The data →
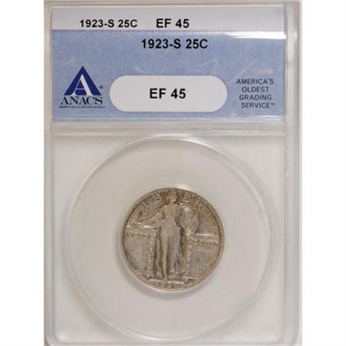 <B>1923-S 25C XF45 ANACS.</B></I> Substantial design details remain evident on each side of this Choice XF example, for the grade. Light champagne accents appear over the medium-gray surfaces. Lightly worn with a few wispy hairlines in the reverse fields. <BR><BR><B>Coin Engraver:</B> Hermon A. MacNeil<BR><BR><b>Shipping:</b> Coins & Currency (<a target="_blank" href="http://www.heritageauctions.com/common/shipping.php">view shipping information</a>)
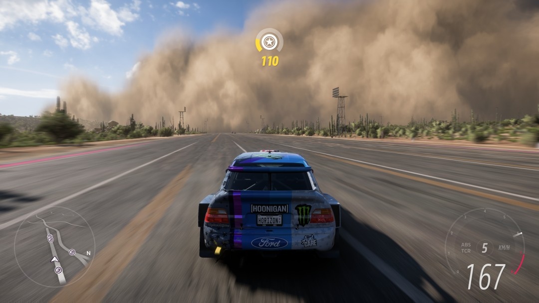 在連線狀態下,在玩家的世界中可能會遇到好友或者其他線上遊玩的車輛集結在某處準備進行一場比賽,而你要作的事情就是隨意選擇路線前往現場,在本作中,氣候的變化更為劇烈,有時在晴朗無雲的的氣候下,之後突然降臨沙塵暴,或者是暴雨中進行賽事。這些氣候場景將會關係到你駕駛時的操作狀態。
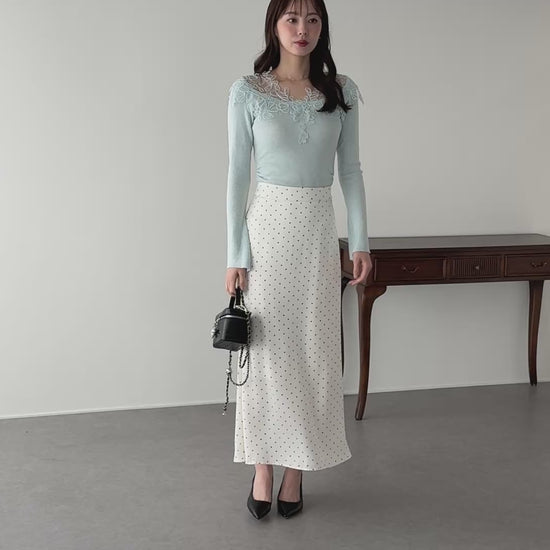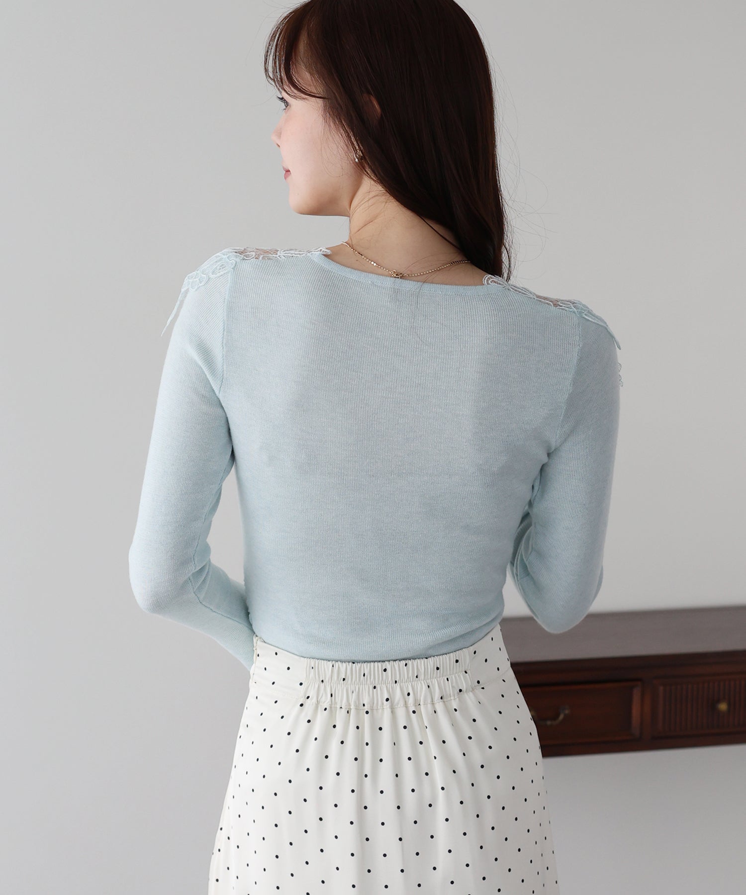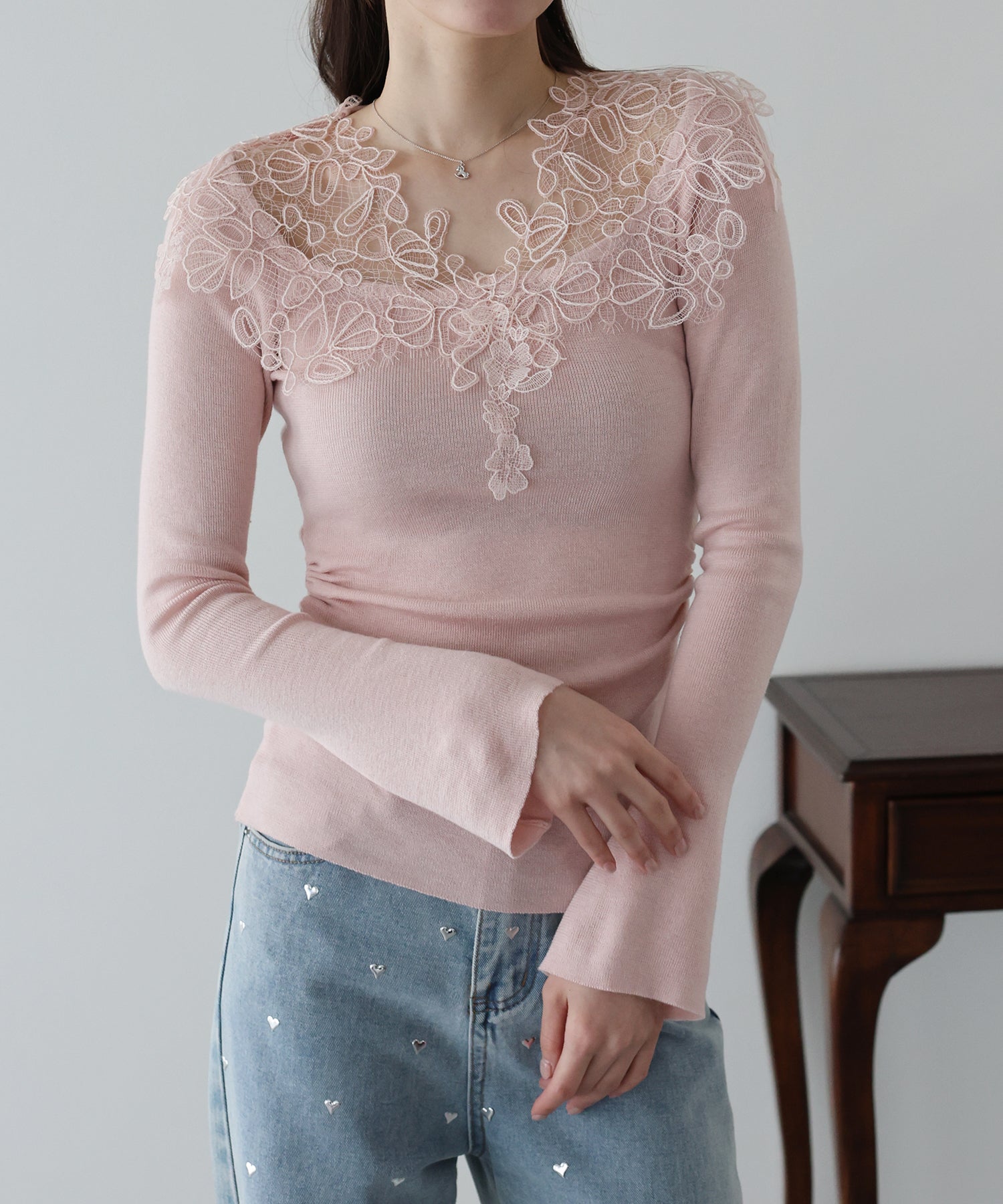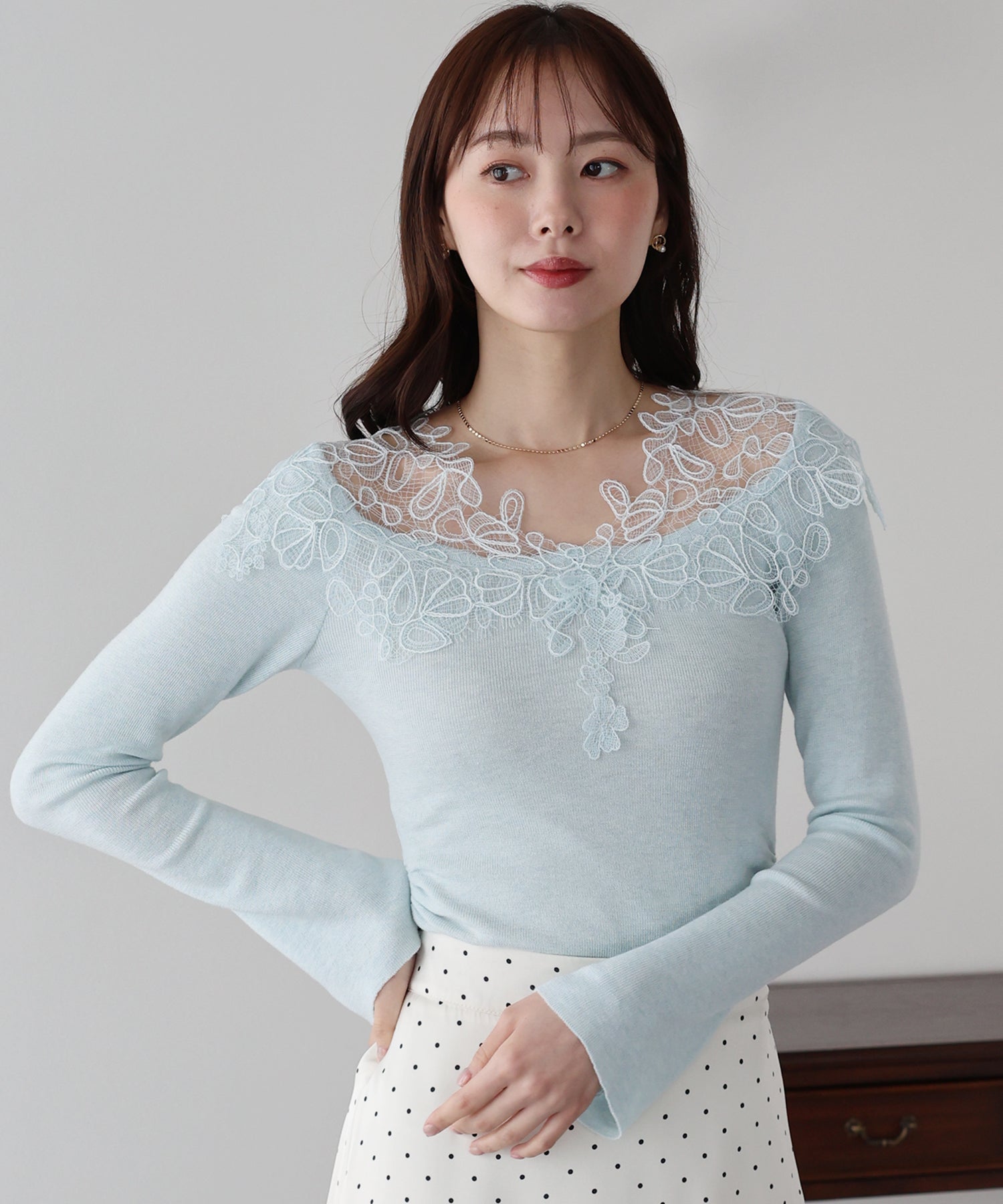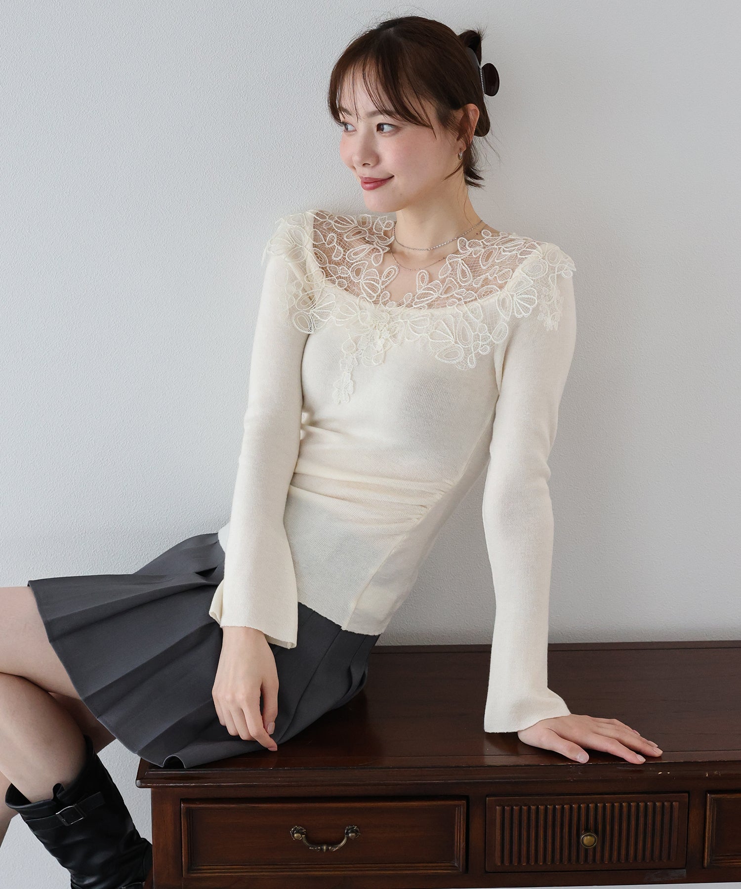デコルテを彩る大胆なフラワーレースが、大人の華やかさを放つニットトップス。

What you should do → Output all of the listing above, exactly as given, but without its pictures.

Answer →
 <B>1923-S 25C XF45 ANACS.</B></I> Substantial design details remain evident on each side of this Choice XF example, for the grade. Light champagne accents appear over the medium-gray surfaces. Lightly worn with a few wispy hairlines in the reverse fields. <BR><BR><B>Coin Engraver:</B> Hermon A. MacNeil<BR><BR><b>Shipping:</b> Coins & Currency (<a target="_blank" href="http://www.heritageauctions.com/common/shipping.php">view shipping information</a>)
 在連線狀態下,在玩家的世界中可能會遇到好友或者其他線上遊玩的車輛集結在某處準備進行一場比賽,而你要作的事情就是隨意選擇路線前往現場,在本作中,氣候的變化更為劇烈,有時在晴朗無雲的的氣候下,之後突然降臨沙塵暴,或者是暴雨中進行賽事。這些氣候場景將會關係到你駕駛時的操作狀態。
デコルテを彩る大胆なフラワーレースが、大人の華やかさを放つニットトップス。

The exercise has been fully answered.